■ **Activity**
Reproduce the material below only from the line with "Aedes mosquito" to the line with "The Corps of", both included, keeping each line exact and dropping the pictures.
= = = = = = =
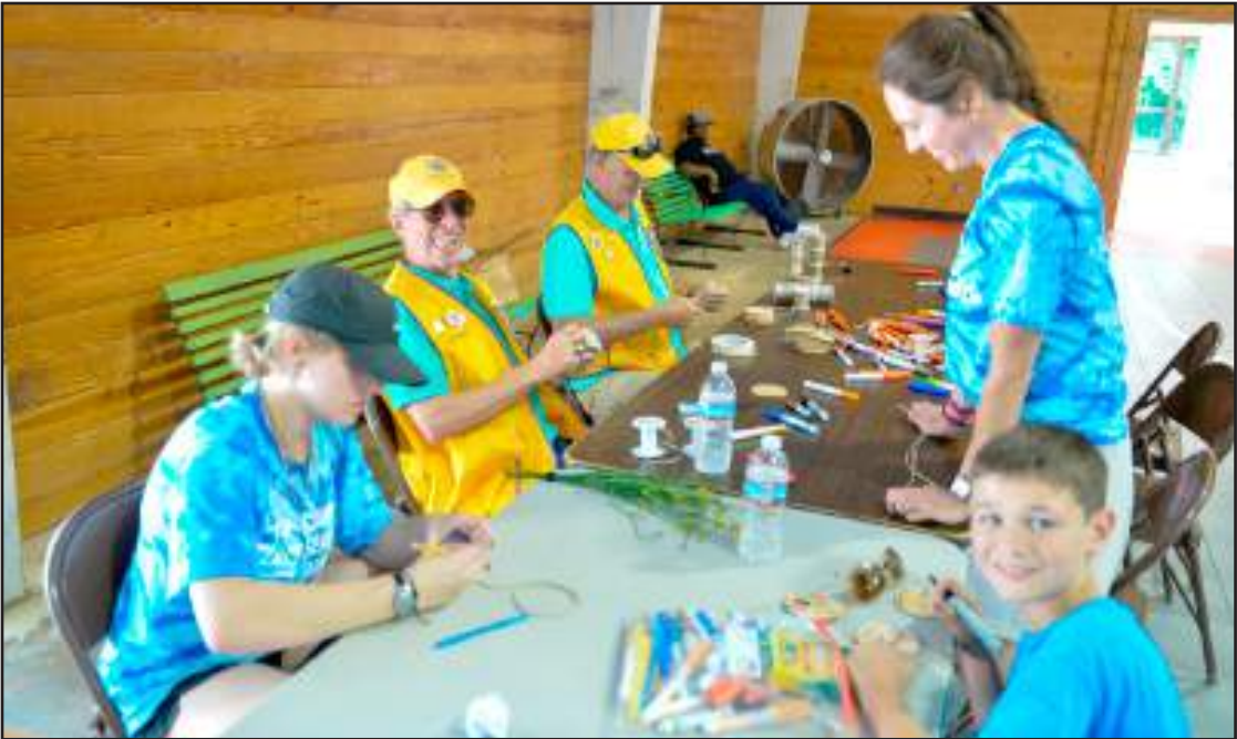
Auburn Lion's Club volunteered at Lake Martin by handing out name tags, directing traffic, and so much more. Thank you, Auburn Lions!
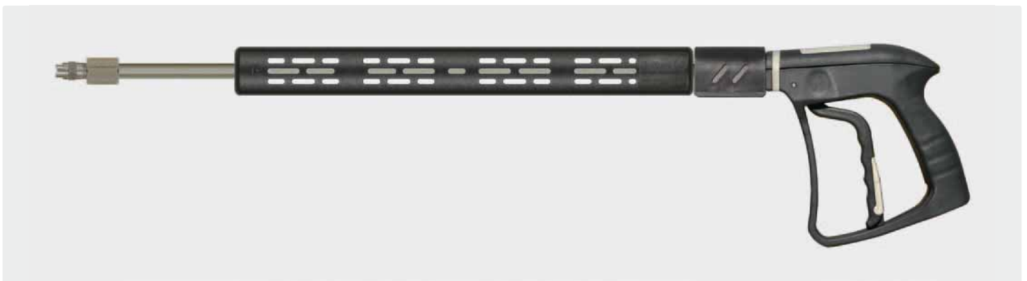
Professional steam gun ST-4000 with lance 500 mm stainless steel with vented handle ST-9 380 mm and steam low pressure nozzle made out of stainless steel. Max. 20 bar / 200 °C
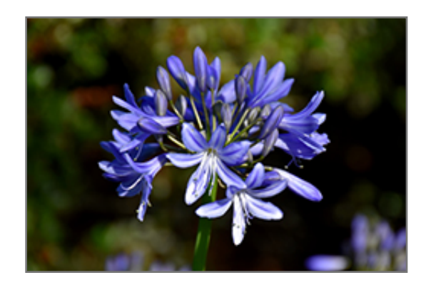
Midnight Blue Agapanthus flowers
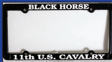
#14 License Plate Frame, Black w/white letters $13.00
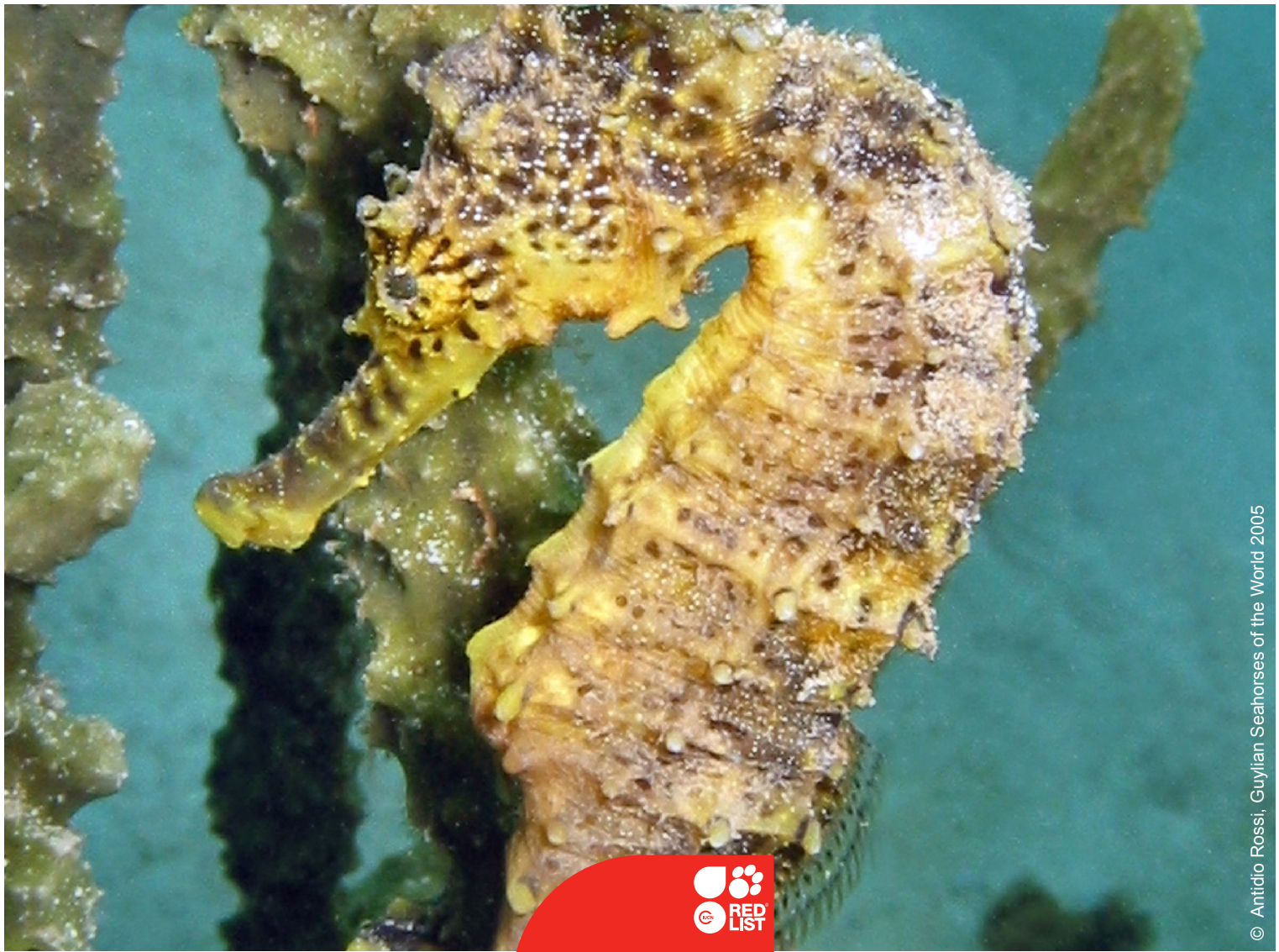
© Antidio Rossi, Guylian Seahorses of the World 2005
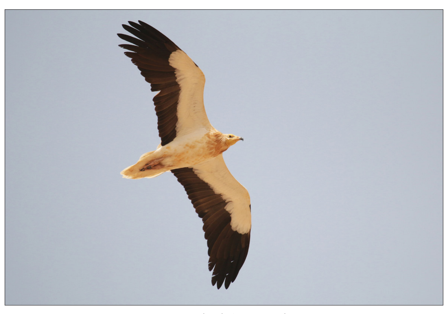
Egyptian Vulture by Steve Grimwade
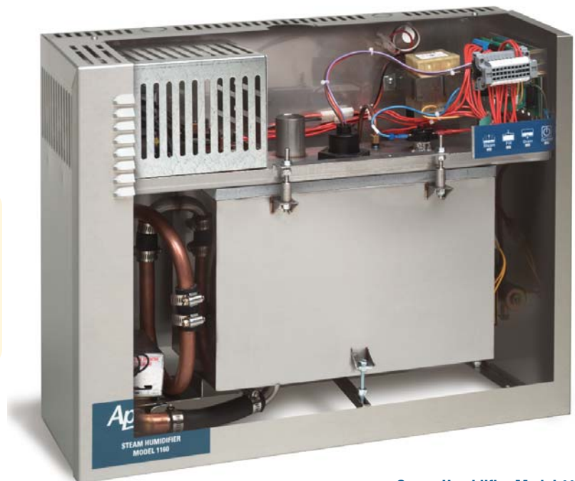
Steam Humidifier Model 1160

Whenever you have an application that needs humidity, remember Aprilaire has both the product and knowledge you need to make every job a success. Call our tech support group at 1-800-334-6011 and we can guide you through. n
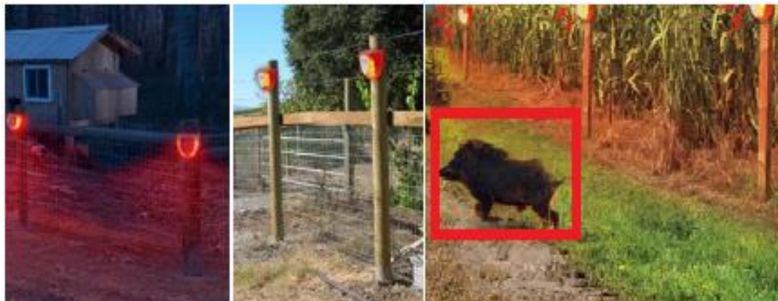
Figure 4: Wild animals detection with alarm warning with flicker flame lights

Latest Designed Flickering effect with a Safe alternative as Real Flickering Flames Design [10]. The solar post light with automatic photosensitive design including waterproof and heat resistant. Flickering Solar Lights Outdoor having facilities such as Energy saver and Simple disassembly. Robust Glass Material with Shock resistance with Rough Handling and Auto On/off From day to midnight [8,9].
= = = = = = =
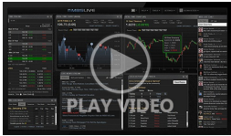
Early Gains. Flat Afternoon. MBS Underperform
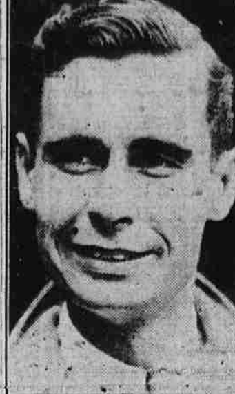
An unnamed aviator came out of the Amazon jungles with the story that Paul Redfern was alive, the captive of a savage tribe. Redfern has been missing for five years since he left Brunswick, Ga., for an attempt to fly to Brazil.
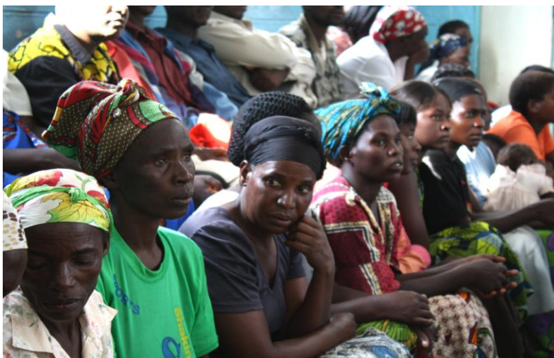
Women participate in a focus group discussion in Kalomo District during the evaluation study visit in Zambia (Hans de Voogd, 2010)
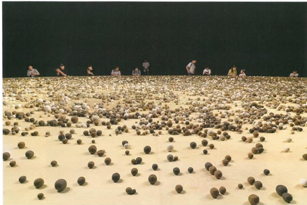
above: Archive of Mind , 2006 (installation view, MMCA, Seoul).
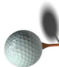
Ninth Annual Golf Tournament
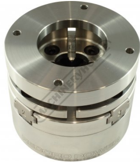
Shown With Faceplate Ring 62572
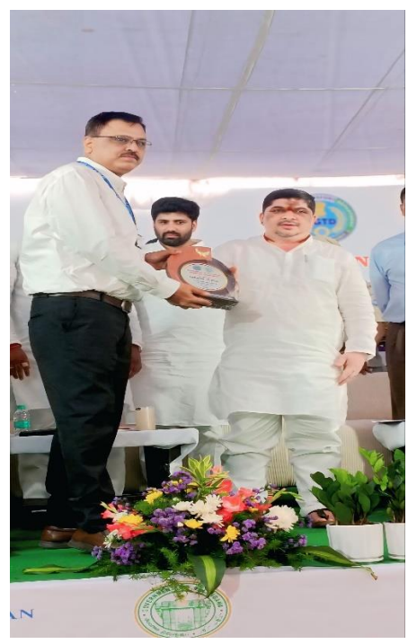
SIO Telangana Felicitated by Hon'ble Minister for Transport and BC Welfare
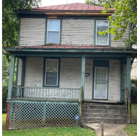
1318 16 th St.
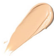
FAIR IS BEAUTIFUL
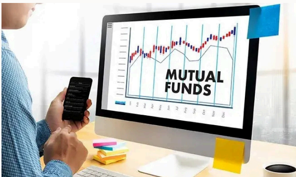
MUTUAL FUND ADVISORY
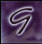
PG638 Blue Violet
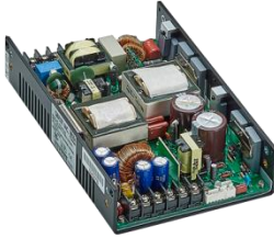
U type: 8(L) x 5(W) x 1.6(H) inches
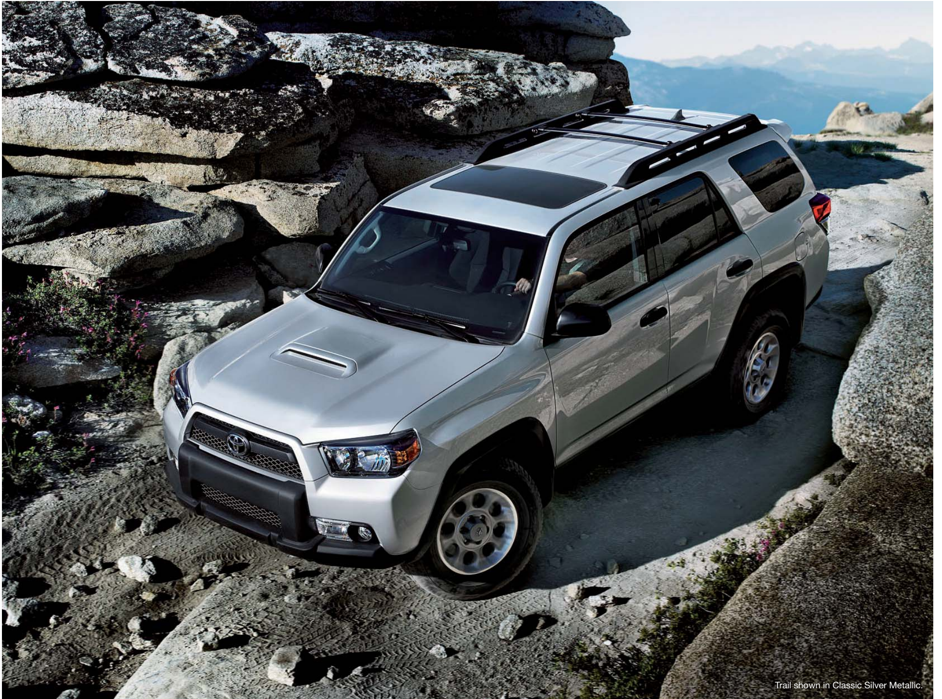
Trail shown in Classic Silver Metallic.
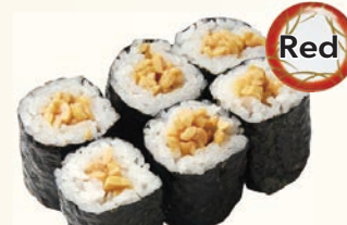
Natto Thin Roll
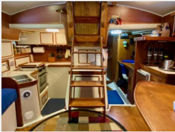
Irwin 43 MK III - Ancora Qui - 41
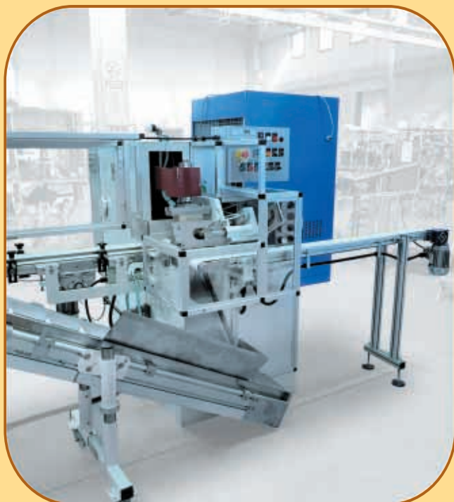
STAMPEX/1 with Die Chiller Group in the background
= = = = = = =
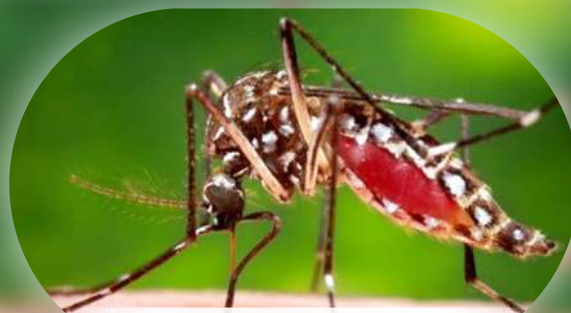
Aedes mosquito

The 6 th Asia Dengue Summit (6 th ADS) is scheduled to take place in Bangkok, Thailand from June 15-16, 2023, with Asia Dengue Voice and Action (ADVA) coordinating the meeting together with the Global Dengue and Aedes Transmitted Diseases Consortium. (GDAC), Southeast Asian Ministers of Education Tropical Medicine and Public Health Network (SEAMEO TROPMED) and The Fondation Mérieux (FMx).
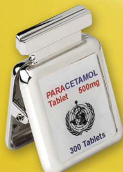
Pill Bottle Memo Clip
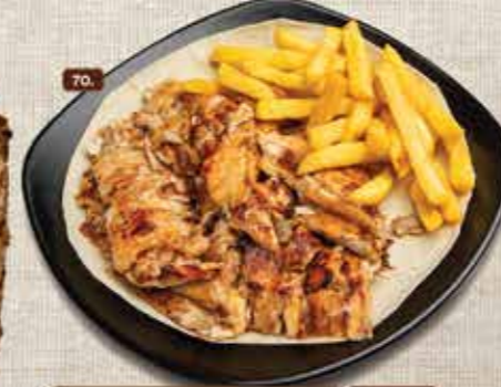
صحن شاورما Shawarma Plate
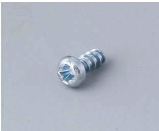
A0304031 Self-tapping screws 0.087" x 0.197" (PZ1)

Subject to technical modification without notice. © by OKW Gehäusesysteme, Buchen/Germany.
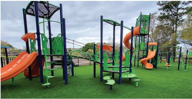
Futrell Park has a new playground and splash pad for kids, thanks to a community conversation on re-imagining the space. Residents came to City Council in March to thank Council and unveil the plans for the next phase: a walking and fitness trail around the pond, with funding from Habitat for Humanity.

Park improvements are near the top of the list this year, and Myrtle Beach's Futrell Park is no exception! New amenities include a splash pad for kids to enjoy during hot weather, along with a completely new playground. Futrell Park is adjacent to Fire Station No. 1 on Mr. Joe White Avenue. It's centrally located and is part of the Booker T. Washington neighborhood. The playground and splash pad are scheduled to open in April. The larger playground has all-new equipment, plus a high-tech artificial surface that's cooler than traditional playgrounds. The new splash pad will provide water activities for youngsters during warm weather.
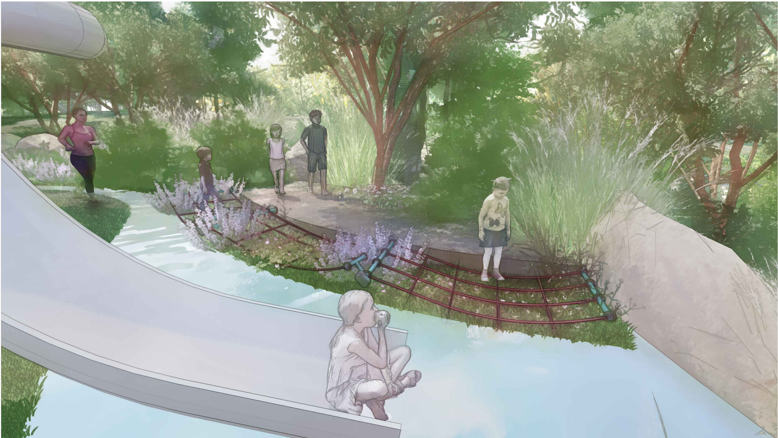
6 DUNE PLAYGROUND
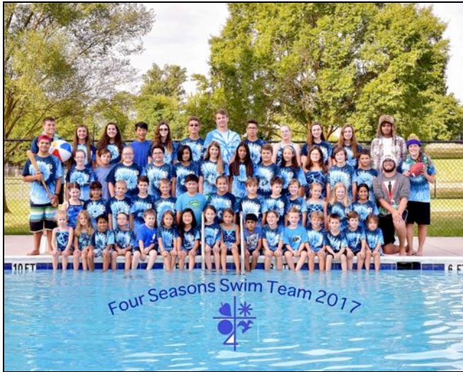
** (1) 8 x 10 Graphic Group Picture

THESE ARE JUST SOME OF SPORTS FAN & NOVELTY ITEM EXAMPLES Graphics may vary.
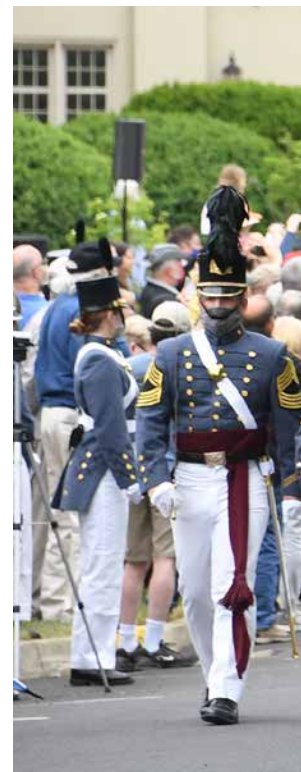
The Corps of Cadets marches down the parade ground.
= = = = = = =
■ **Written response**
Aedes mosquito

The 6 th Asia Dengue Summit (6 th ADS) is scheduled to take place in Bangkok, Thailand from June 15-16, 2023, with Asia Dengue Voice and Action (ADVA) coordinating the meeting together with the Global Dengue and Aedes Transmitted Diseases Consortium. (GDAC), Southeast Asian Ministers of Education Tropical Medicine and Public Health Network (SEAMEO TROPMED) and The Fondation Mérieux (FMx).
Pill Bottle Memo Clip
صحن شاورما Shawarma Plate
A0304031 Self-tapping screws 0.087" x 0.197" (PZ1)

Subject to technical modification without notice. © by OKW Gehäusesysteme, Buchen/Germany.
Futrell Park has a new playground and splash pad for kids, thanks to a community conversation on re-imagining the space. Residents came to City Council in March to thank Council and unveil the plans for the next phase: a walking and fitness trail around the pond, with funding from Habitat for Humanity.

Park improvements are near the top of the list this year, and Myrtle Beach's Futrell Park is no exception! New amenities include a splash pad for kids to enjoy during hot weather, along with a completely new playground. Futrell Park is adjacent to Fire Station No. 1 on Mr. Joe White Avenue. It's centrally located and is part of the Booker T. Washington neighborhood. The playground and splash pad are scheduled to open in April. The larger playground has all-new equipment, plus a high-tech artificial surface that's cooler than traditional playgrounds. The new splash pad will provide water activities for youngsters during warm weather.
6 DUNE PLAYGROUND
** (1) 8 x 10 Graphic Group Picture

THESE ARE JUST SOME OF SPORTS FAN & NOVELTY ITEM EXAMPLES Graphics may vary.
The Corps of Cadets marches down the parade ground.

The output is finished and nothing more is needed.